A garnet necklace set in intricate gold. Earrings, heavily encrusted, and two wide bracelets. “There,” said Jennie, standing back, “that's what you needed. You looked like orange juice, straight, before. Granny's garnets put the kick into it.”

She handed Lynn a bright, light lipstick, entirely artificial. “Tone up the little old mouth to match the antiques—in color—” advised Jennie, “and you'll lay ‘em in the aisles like a row of prewar stingers!”

“Gee,” said Tom, staring, upon his entrance, “you look swell, Lynn.” He added, courteously, “and you, too, Jennie.”

“Never mind me,” said Jennie complacently. “I know how I look.”

“Haven't you got a lot of lipstick on?” was Tom's next, and natural, remark, his eyes on Lynn's brilliant mouth.

Lynn said, worried, “Perhaps. More than usual anyway, but with this white dress—” She started for the bedroom in order to hunt for cleansing tissues; but Jennie caught her arm and swung her around.

“Leave the face as it is,” she ordered, “remember, Tom isn't married to you yet. You're just right—as you are.”

So, lipstick and all, Lynn went to the party.

Wilkins opened the door with a special smile for Lynn. The big room was more or less filled with people. The loveliest frocks, the prettiest girls. “I feel like a poor relation,” Lynn whispered to Jennie as they mounted the steps to the temporary dressing-room, Tom having disappeared in Wilkins's wake.

The bedroom contained more women. Smoke, laughter, powder clouds, heavy perfume, the smell of cosmetics. Lynn pinched Jennie's arm until she shrieked, “Hey, what's the big idea? When I get bruises I
sue
!”

“Isn't that Lillie James—over there taking to the tall girl in black?”

“So it is,” agreed Jennie, staring, “thought she was in a sanitarium, nervous breakdown—boy or girl?”

“Jennie, hush, she'll hear you!”

When they had descended the stairs Dwight detached himself from a group around the fireplace and came forward to meet them.

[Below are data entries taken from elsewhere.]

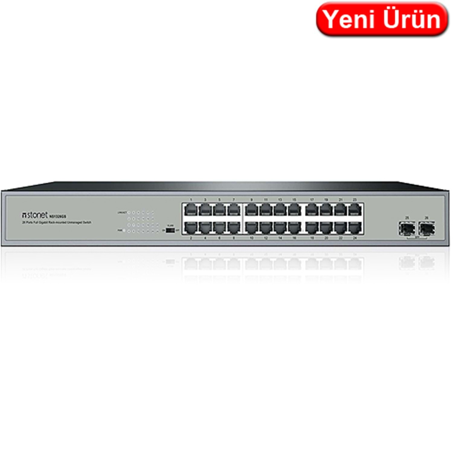 24 10/100/1000M RJ45 ports and 2 gigabit SFP ports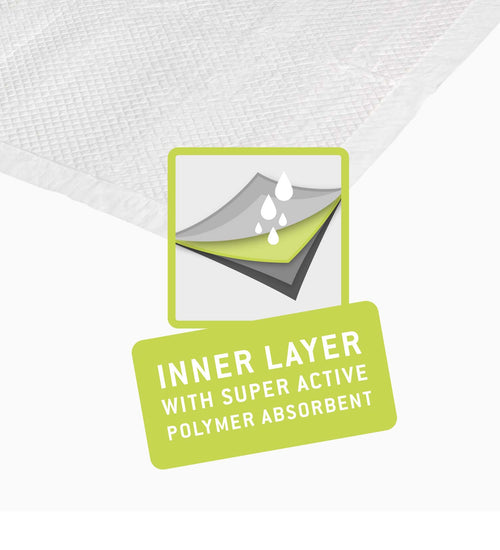 Dankzij de multi-layer constructie en super actieve polymeer absorberende kern kan de pad tot wel 200 keer zijn eigen gewicht aan vocht opnemen! Hierdoor ben je verzekerd van een schone en droge omgeving voor jouw hond.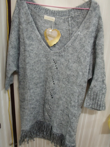 灰色短袖長版毛衣

He took Jennie's hand in his and measured her with a cool, smiling glance, while Lynn murmured the introductions.

“Delightful of you to come, Miss Le Grande,” he said formally, but his eyes danced a very little.

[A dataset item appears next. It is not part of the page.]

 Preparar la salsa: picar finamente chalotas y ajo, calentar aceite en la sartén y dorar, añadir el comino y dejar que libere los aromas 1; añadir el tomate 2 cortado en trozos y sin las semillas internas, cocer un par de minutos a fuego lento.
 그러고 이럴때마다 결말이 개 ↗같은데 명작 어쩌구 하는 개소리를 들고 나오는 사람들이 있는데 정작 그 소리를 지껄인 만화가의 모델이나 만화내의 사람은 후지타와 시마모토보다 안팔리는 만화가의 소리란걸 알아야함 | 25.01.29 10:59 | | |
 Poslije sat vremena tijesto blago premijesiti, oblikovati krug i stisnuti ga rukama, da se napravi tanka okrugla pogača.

“Jennie to you,” was Jennie's generous response.

“Of course, Jennie to me.” He turned to Lynn, and his eyes were not smiling nor were they cool. “Where's the lucky young man?” he pleasantly wanted to know.

“There he is. Tom—oh, Tom!” called Lynn, turning to see Tom standing by the door, very tall, very broad, very young, somehow a little ill at ease, with the sulky expression of the small boy who finds the party not quite up to his imagination and expectation.

Tom came over quickly. Women turned to watch him walk across the floor, not with the feline tread of his host, but the light step of perfect balance and vitality. He and Dwight shook hands and murmured conventionalities. Tom said, with an engaging grin and the courtesy of the junior which so infuriated the other man, “Looks like a grand party, sir.”